Re: "universal" %DATE% parser

#2 Post by amel27 » 11 May 2011 01:54

interesting topic, dbenham
another way of sorting... but in reverse order:

Code: Select all

set "tokens="
for %%x in ("%%a %%b %%c" "%%b %%a %%c" "%%c %%a %%b"
            "%%a %%c %%b" "%%b %%c %%a" "%%c %%b %%a"
) do if "!tokens!" lss "%%~x" set "tokens=%%~x"

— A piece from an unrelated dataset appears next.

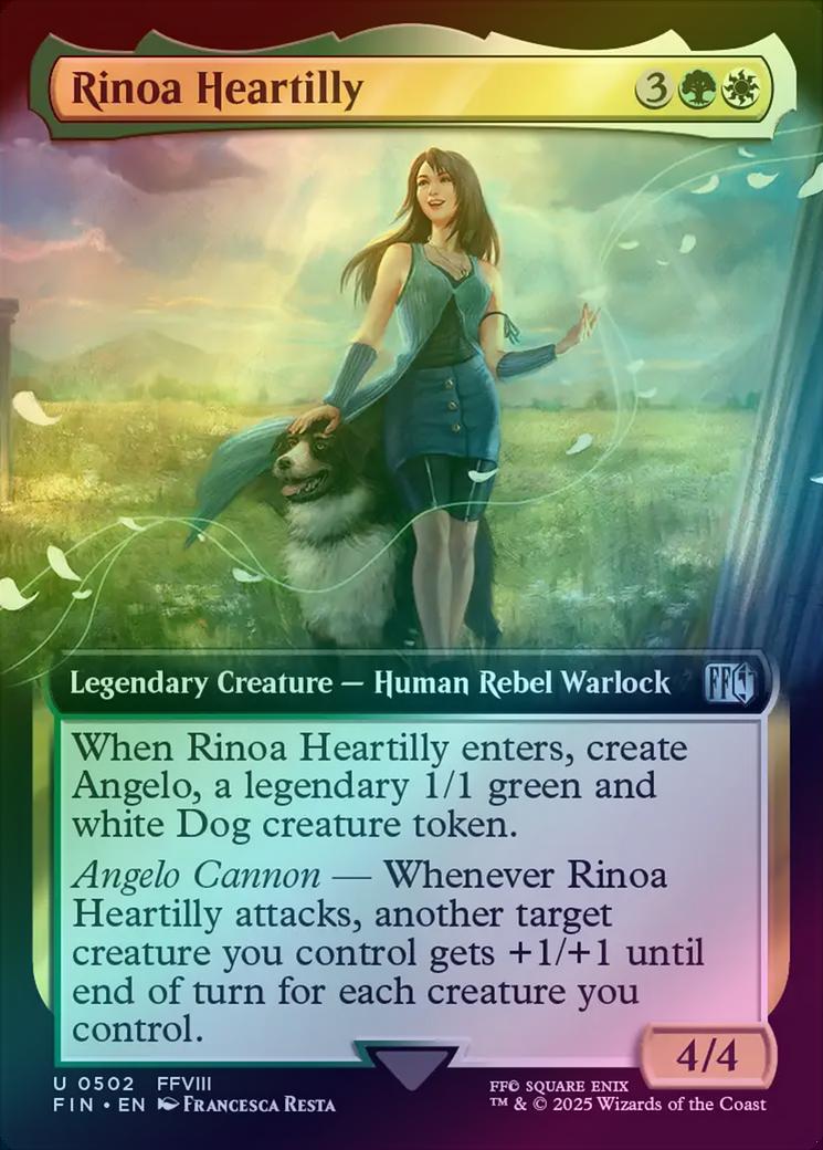 Rinoa HeartillyCasting Cost: Card Type: Legendary Creature - Human Rebel WarlockPower/Toughness: 4/4Card Text: When Rinoa Heartilly enters, create Angelo, a legendary 1/1 green and white Dog creature token. Angelo Cannon - Whenever Rinoa Heartilly attacks, another target creature you control gets +1/+1 until end of turn for each creature you control.Artist: Francesca Resta

russian map (in your order): :)

Code: Select all

yy dd mm;гг дд мм

aGerman
Expert
Posts: 4654
Joined: 22 Jan 2010 18:01
Location: Germany

Re: "universal" %DATE% parser

#3 Post by aGerman » 11 May 2011 10:25

It works for me as expected :wink:
It's a real good alternative if you don't have access to the registry.

Regards
aGerman

dbenham
Expert
Posts: 2461
Joined: 12 Feb 2011 21:02
Location: United States (east coast)

Re: "universal" %DATE% parser

#4 Post by dbenham » 11 May 2011 15:15

Thanks for the good news aGerman!

amel27 - Good idea for sorting!

Your idea is easily adapted for an ascending sort

Code: Select all

set tokens="%%c %%b %%a"
for %%x in ("%%a %%b %%c" "%%b %%a %%c" "%%c %%a %%b"
            "%%a %%c %%b" "%%b %%c %%a"
) do if "!tokens!" gtr "%%~x" set "tokens=%%~x"


I'm worried that localized character collation sequences may have the potential to break the algorithm.

I think the following sort algorithm at least partially avoids potential collation problems:

Code: Select all

set "tokens="
for /f %%x in ('^(for %%t in ^(%%a %%b %%c^) do @echo %%t^)^|sort /L C') do set "tokens=!tokens! %%x"
set "tokens=!tokens:~1!"

The above should always work as long as characters less than ASCII 128 collate the same regardless of locality. Does anyone know if collation of characters less than ASCII 128 can vary?

I think Sorting tokens within a string is an interesting topic that deserves its own thread, so I started one.


amel27 - How did you post those (Cyrillic?) characters? And more importantly, how do I get them in my code? I've never tried to deal with languages other than English before, so I'm pretty ignorant to the ins and outs of internationalization.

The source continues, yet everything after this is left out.